ABOUT THIS TASK » Your task is to copy the lines from the line containing "रिटायर्ड आईपीएस अफसर" through the end of the listing below, both included, without any pictures.

AVAILABLE DATA »
<<<<

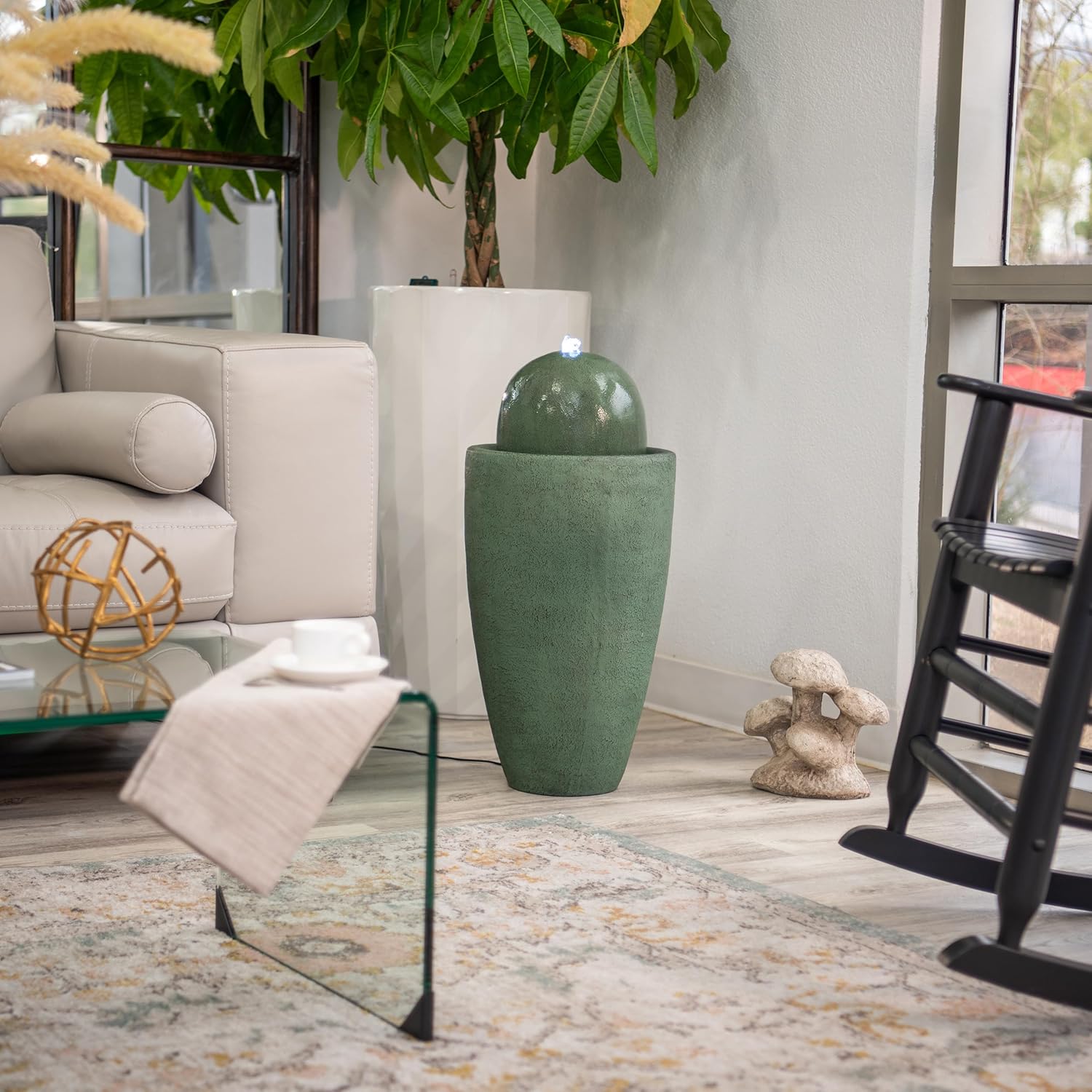 XBrand 25.98" H Round Stone Indoor/Outdoor Modern Stone Textured Sphere Water Fountain w/LED Lights, Ball Fountain Decor, Green
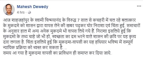 रिटायर्ड आईपीएस अफसर महेश चंद्र द्विवेदी ने इस मुद्दे पर कुछ यूं फेसबुक पर लिखा,”आज शाहजहांपुर के स्वामी चिन्मयानंद के विरुद्ध सात साल से कचहरी में चल रहे बलात्कार के मुकदमे को शासन द्वारा वापस लेने की खबर पढ़कर घोर निराशा एवं चिंता हुई। समाचारों के अनुसार हाल में अन्य अनेक मुकदमे भी वापस लिये गये हैं। निराशा इसलिये हुई कि मुकदमो के तथ्य चाहे जो भी हो, स्वच्छता का दम भरने वाले शासन की छवि पर यह कृत्य दाग़ लगाता है। चिंता इसलिये हुई कि मुकदमा-वापसी का यह हथियार भविष्य में सम्पूर्ण न्यायिक प्रक्रिया को ध्वस्त कर सकता है. ..
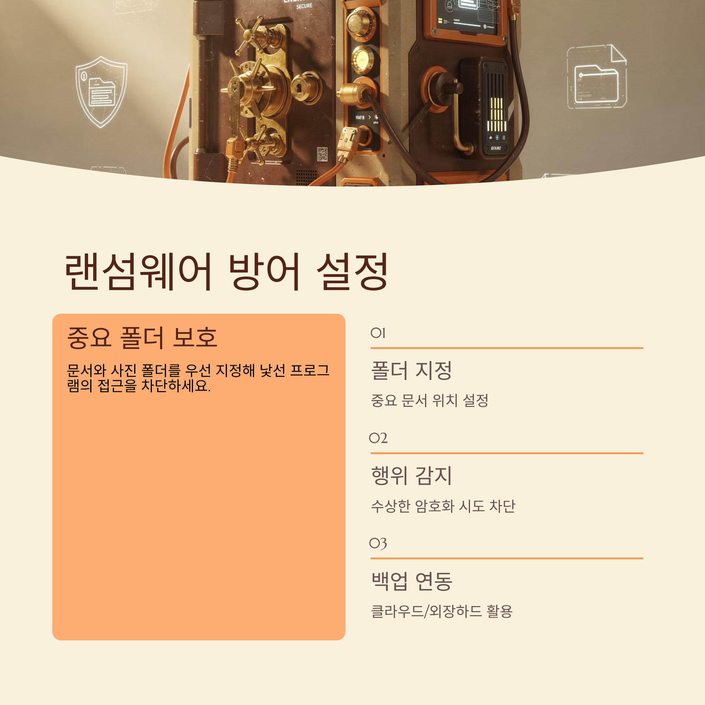 요즘에는 파일을 인질로 잡고 돈을 요구하는 악성 코드가 가장 큰 걱정거리라, 문서 보호 기능이 있는지 꼭 확인해 보는 게 좋아요. 특정 폴더를 보호 대상으로 지정해 두면, 낯선 프로그램이 그 안의 파일을 바꾸려 할 때 바로 막아 주는 방식이 많아요.
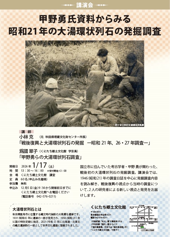 国立市に住んでいた考古学者・甲野 勇(こうの いさむ)が関わった、戦後初の大湯環状列石(おおゆかんじょうれっせき)の発掘調査。講演会では、昭和21年の調査日誌を中心に発掘調査内容を読み解き、戦後復興の視点から当時の調査について、2人の研究者による新しい視点と発見をお届けします。

>>>>

RESULT »
 रिटायर्ड आईपीएस अफसर महेश चंद्र द्विवेदी ने इस मुद्दे पर कुछ यूं फेसबुक पर लिखा,”आज शाहजहांपुर के स्वामी चिन्मयानंद के विरुद्ध सात साल से कचहरी में चल रहे बलात्कार के मुकदमे को शासन द्वारा वापस लेने की खबर पढ़कर घोर निराशा एवं चिंता हुई। समाचारों के अनुसार हाल में अन्य अनेक मुकदमे भी वापस लिये गये हैं। निराशा इसलिये हुई कि मुकदमो के तथ्य चाहे जो भी हो, स्वच्छता का दम भरने वाले शासन की छवि पर यह कृत्य दाग़ लगाता है। चिंता इसलिये हुई कि मुकदमा-वापसी का यह हथियार भविष्य में सम्पूर्ण न्यायिक प्रक्रिया को ध्वस्त कर सकता है. ..
 요즘에는 파일을 인질로 잡고 돈을 요구하는 악성 코드가 가장 큰 걱정거리라, 문서 보호 기능이 있는지 꼭 확인해 보는 게 좋아요. 특정 폴더를 보호 대상으로 지정해 두면, 낯선 프로그램이 그 안의 파일을 바꾸려 할 때 바로 막아 주는 방식이 많아요.
 国立市に住んでいた考古学者・甲野 勇(こうの いさむ)が関わった、戦後初の大湯環状列石(おおゆかんじょうれっせき)の発掘調査。講演会では、昭和21年の調査日誌を中心に発掘調査内容を読み解き、戦後復興の視点から当時の調査について、2人の研究者による新しい視点と発見をお届けします。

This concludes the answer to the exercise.